----- Record extracts
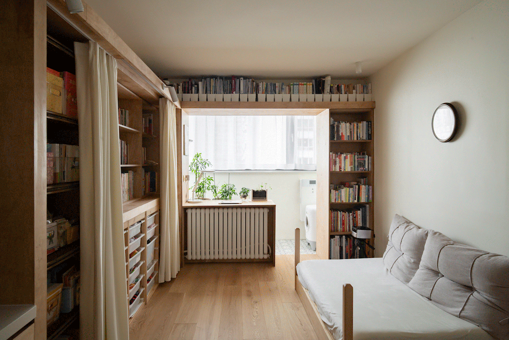 走廊长5.45m,日常平凡拉起来看起来整洁清洁,凹凸台设想,窗帘拉上“一遮百丑”。材料用的是无纺布,全数用软帘遮挡。甘愿住进老破小,集中收纳比分离收纳更高效。所以没有设置隔墙。出格声明:以上内容(若有图片或视频亦包罗正在内)为自平台“网易号”用户上传并发布!不怎样落灰。玩具放正在低矮层,要容纳一家三口+2只猫。图案朝外,![]()
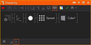 There are two very important points that have to be considered with the use of the Spread nodes. Disregard may cause critical performance penalties. The first point concerns the tree in the Hierarchy Editor. The Spread node duplicates every subtree that is linked to it. To avoid unnecessary duplication of nodes, the subtree should be reduced as far as possible. The following screen-shots show a bad and a correct use of the Spread node.
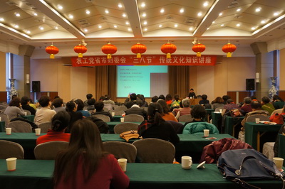 为庆祝第105个 “三八国际劳动妇女节”,2015年3月6日下午,农工党江苏省暨南京市妇女工作委员会联合举办知识讲座,邀请南京林业大学木材科学系主任、木材科学研究中心主任、著名红木材质鉴定专家徐魁梧教授为大家讲解红木知识。来自省直和南京市百余名女党员参加了此次活动。农工党江苏省委会副主委吴建坤出席活动并讲话。农工党南京市委会副主委孟钵出席活动。农工党省及南京市妇女工作委员会主任委员、农工党南京市委会副主委程大林主持讲座。
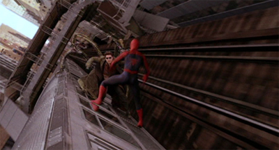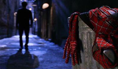 However, while Raimi toys with the idea of Peter Parker’s secret identity, he remains ultimately optimistic about it and the nature of people. While in the first film Osborn used Peter’s secret identity to screw with him, here the public give Peter back his mask (“we won’t tell no one,” some kids promise) and everyone seems genuinely supportive. This is in stark contrast to the way that, for example, Brian Bendis would toy with the notion of a not-really-secret identity during his run on Daredevil and Christopher Nolan would play Bruce Wayne’s secret in The Dark Knight. However, I suppose that’s in keeping with Spider-Man’s worldview, as opposed to the darker perspectives of those other characters – the notion that people (especially people who know) are basically decent and will keep the secret.
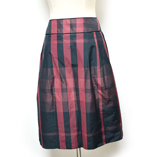 バーバリーらしいチェック柄のフレアスカートです。プリーツが2箇所あります。シルク混でさらっとした手触りです。
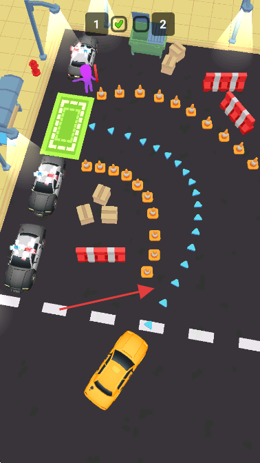 2、復(fù)雜場(chǎng)景中規(guī)劃路線,躲警車與障礙,完成停車任務(wù)。
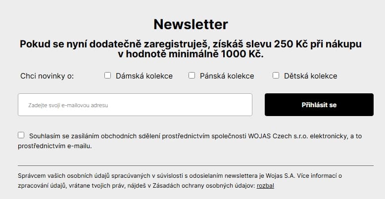 Wojas.cz - slevový kód -250 Kč z nákupu nad 1000 (registrace)
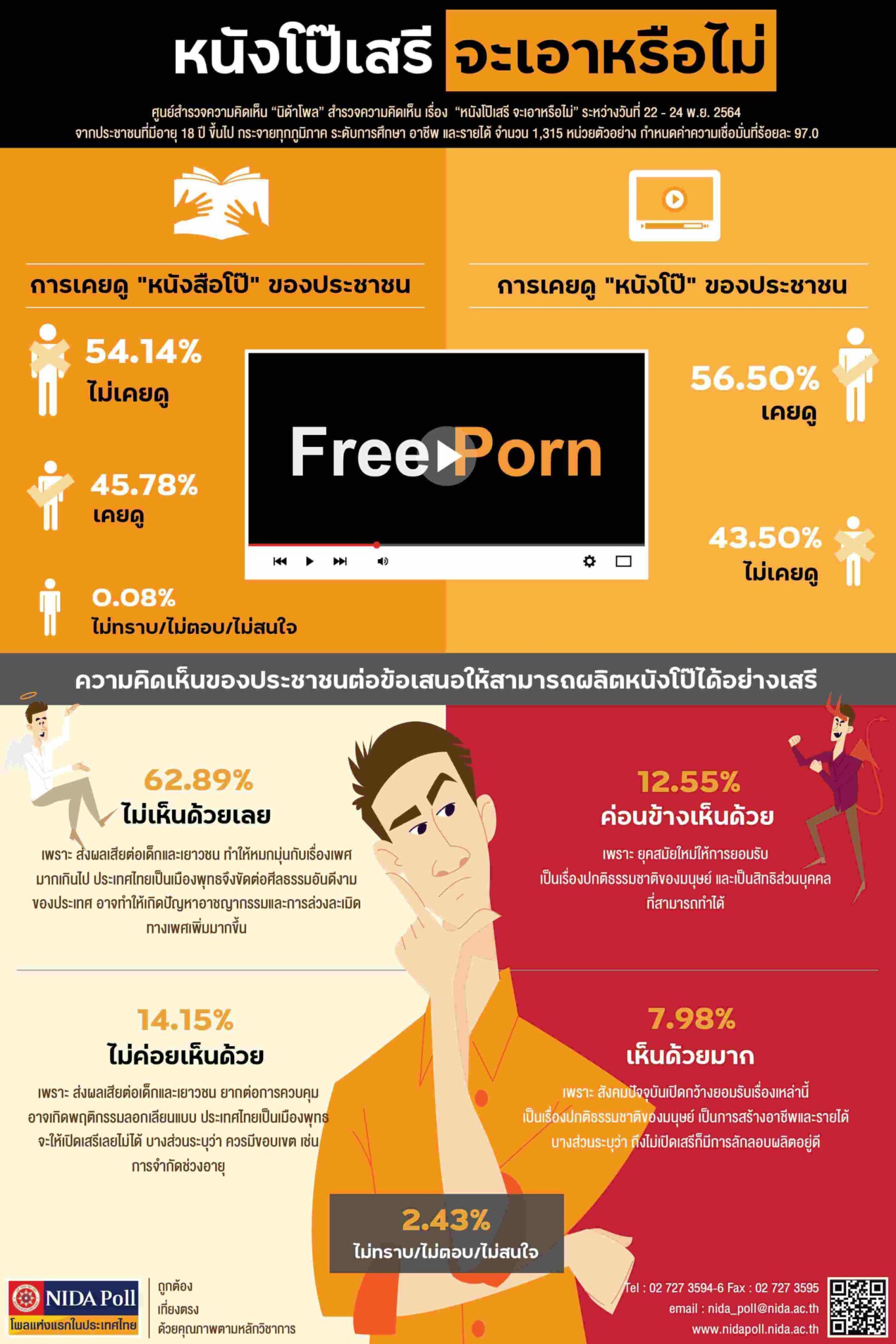 ท้ายที่สุดเมื่อถามถึงความคิดเห็นของประชาชนต่อข้อเสนอให้สามารถผลิตหนังโป๊ได้อย่างเสรี พบว่า ส่วนใหญ่ ร้อยละ 62.89 ระบุว่า ไม่เห็นด้วยเลยเพราะ ส่งผลเสียต่อเด็กและเยาวชน ทำให้หมกมุ่นกับเรื่องเพศมากจนเกินไป ประเทศไทยเป็นเมืองพุทธจึงขัดต่อศีลธรรมอันดีงามของประเทศ อาจทำให้เกิดปัญหาอาชญากรรม และการล่วงละเมิดทางเพศเพิ่มมากขึ้น รองลงมา ร้อยละ 14.15 ระบุว่า ไม่ค่อยเห็นด้วยเพราะ อาจส่งผลเสียต่อเด็กและเยาวชน ยากต่อการควบคุม อาจเกิดพฤติกรรมลอกเลียนแบบ ประเทศไทยเป็นเมืองพุทธจะให้เปิดเสรีเลยไม่ได้ ขณะที่บางส่วนระบุว่า ควรมีขอบเขต เช่น การจำกัดช่วงอายุ ร้อยละ 12.55 ระบุว่า ค่อนข้างเห็นด้วยเพราะ ยุคสมัยใหม่ให้การยอมรับเป็นเรื่องปกติธรรมชาติของมนุษย์ และเป็นสิทธิส่วนบุคคลที่สามารถทำได้ ร้อยละ 7.98 ระบุว่า เห็นด้วยมากเพราะ สังคมปัจจุบัน เปิดกว้างยอมรับเรื่องเหล่านี้ เป็นเรื่องปกติธรรมชาติของมนุษย์ เป็นการสร้างอาชีพและรายได้ ขณะที่บางส่วนระบุว่า ถึงไม่เปิดเสรีก็มีการลักลอบผลิตอยู่ดี และร้อยละ 2.43 ระบุว่า ไม่ทราบ/ไม่ตอบ/ไม่สนใจ
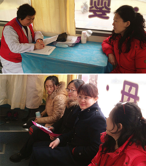 众多女性朋友在候诊区等待,体检车内暖风阵阵,工作人员还为她们准备了热水。
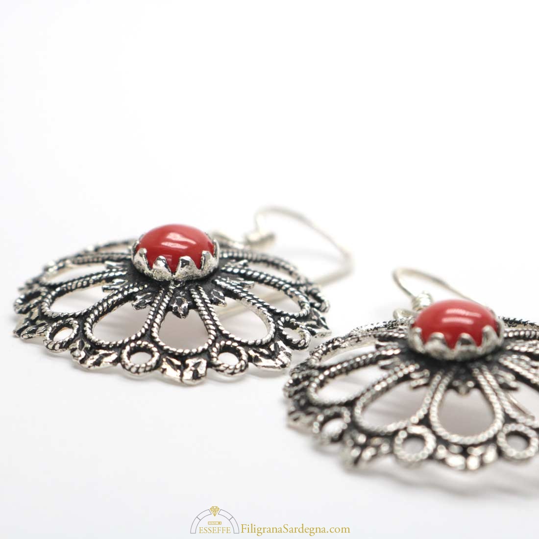 Orecchini pendenti in filigrana d’argento brunito con cabochon di corallo rosso di Sardegna di tonalità intensa.
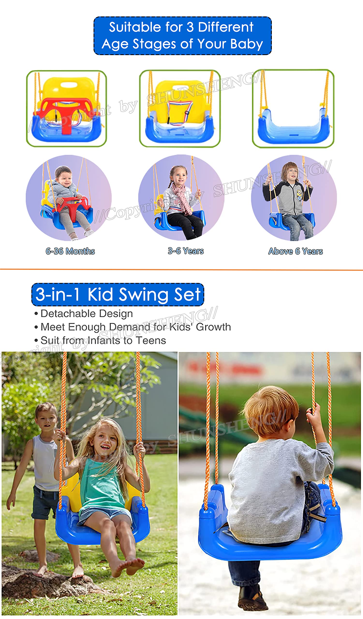 2, The swing has the design of combination of 3-in-1. Convertible to change as child grows. It suits from infants to teens.
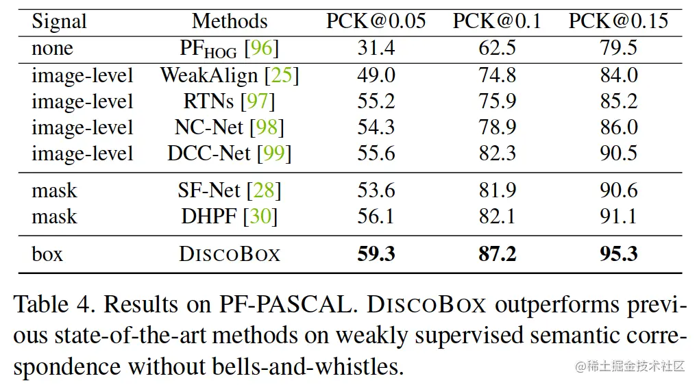 我们首先使用 YOLACT++/ResNet-50-DCN 在 PF-PASCAL [88] 上评估 DIS-COBOX,主要结果见表。 表4. 我们不直接在 PF-PASCAL 上训练 DISCOBOX 模型。相反,我们在 VOC12 训练集上训练它,不包括那些存在于 PF-PASCAL 验证集中的图像。值得注意的是,许多现有的语义对应方法不能在没有重大变化的情况下在 VOC12 上进行类似的训练,尽管其中一些确实考虑了一定程度的定位信息,例如注意力。
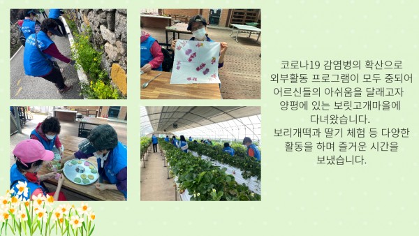 [재가노인지원] 봄 나들이 페이지 정보 작성자 은천노인복지회 작성일22-06-03 17:15 조회18,875회 댓글0건 관련링크 이전글 다음글 목록 답변 본문 재가노인지원센터 어르신들과 양평 보릿고개마을로 나들이를 다녀왔습니다. 이전글 다음글 목록 답변
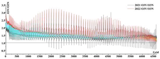Ozone formation regimes in Shanghai during April and May of 2021 and 2022 (the horizontal axis represents the number of grids in the Shanghai area within the simulated range, while the vertical axis represents the ratio of O3V to O3N in each selected grid area).
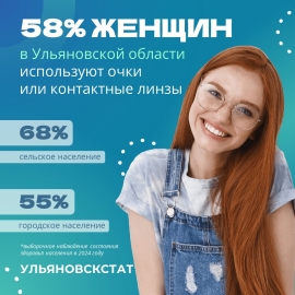 По данным Ульяновскстата, более половины жительниц региона старше 15 лет используют средства коррекции зрения. Статистика показывает, что 58% ульяновских женщин носят очки или контактные линзы, что свидетельствует о высокой распространённости проблем со зрением среди женского населения области.
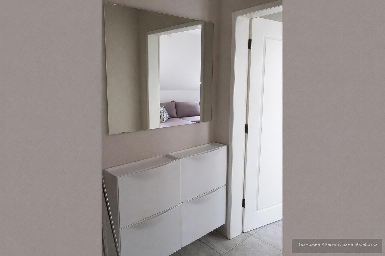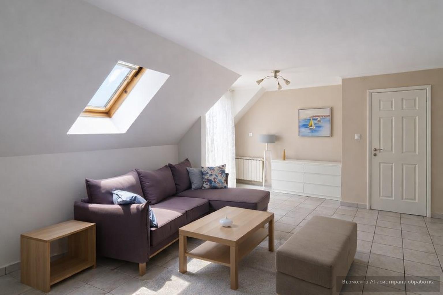 Дневното пространство включва антре, просторна всекидневна с кухня, две спални, баня с тоалетна и две тераси. Обзаведен и оборудван с ТЕЦ, апартаментът осигурява комфорт и топлина през целия сезон.
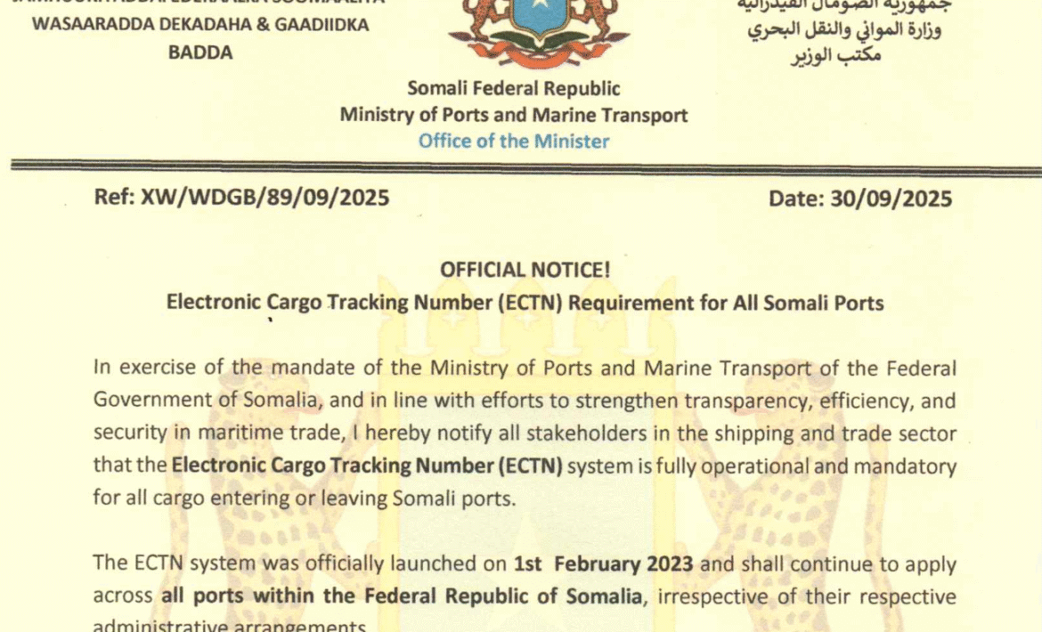 Dear All, Effective 14 October 2025, all containers arriving at the Port of Mogadishu must…
----------
▶ **Work request**: Please set down only the lines from the one containing "Ozone formation regimes" through the end of the entries, exactly as they stand, both ends included and with no pictures.

▶ **Solution for this exercise**:
Ozone formation regimes in Shanghai during April and May of 2021 and 2022 (the horizontal axis represents the number of grids in the Shanghai area within the simulated range, while the vertical axis represents the ratio of O3V to O3N in each selected grid area).
 По данным Ульяновскстата, более половины жительниц региона старше 15 лет используют средства коррекции зрения. Статистика показывает, что 58% ульяновских женщин носят очки или контактные линзы, что свидетельствует о высокой распространённости проблем со зрением среди женского населения области.
 Дневното пространство включва антре, просторна всекидневна с кухня, две спални, баня с тоалетна и две тераси. Обзаведен и оборудван с ТЕЦ, апартаментът осигурява комфорт и топлина през целия сезон.
 Dear All, Effective 14 October 2025, all containers arriving at the Port of Mogadishu must…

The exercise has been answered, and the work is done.